[What this task involves]: Two lines in the listing below mark the span: one contains "Kişi başına düşen" and one contains "수원중앙복지재단 희망나눔봉사단 10기 모집에 많은 관심과 참여 부탁드립니다.". Reproduce both of them and everything between, exactly.

[Supplied material]:
========

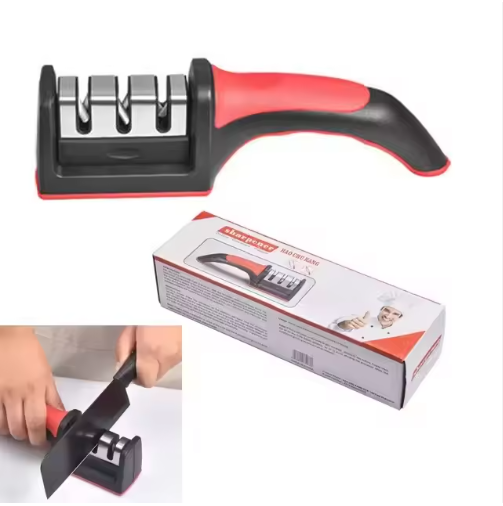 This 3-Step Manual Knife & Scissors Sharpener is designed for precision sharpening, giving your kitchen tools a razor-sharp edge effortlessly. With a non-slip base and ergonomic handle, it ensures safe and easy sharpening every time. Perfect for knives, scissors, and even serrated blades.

========

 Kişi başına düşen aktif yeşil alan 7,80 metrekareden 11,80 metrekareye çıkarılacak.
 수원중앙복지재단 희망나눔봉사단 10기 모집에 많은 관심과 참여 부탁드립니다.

========

[Written solution]:
 Kişi başına düşen aktif yeşil alan 7,80 metrekareden 11,80 metrekareye çıkarılacak.
 수원중앙복지재단 희망나눔봉사단 10기 모집에 많은 관심과 참여 부탁드립니다.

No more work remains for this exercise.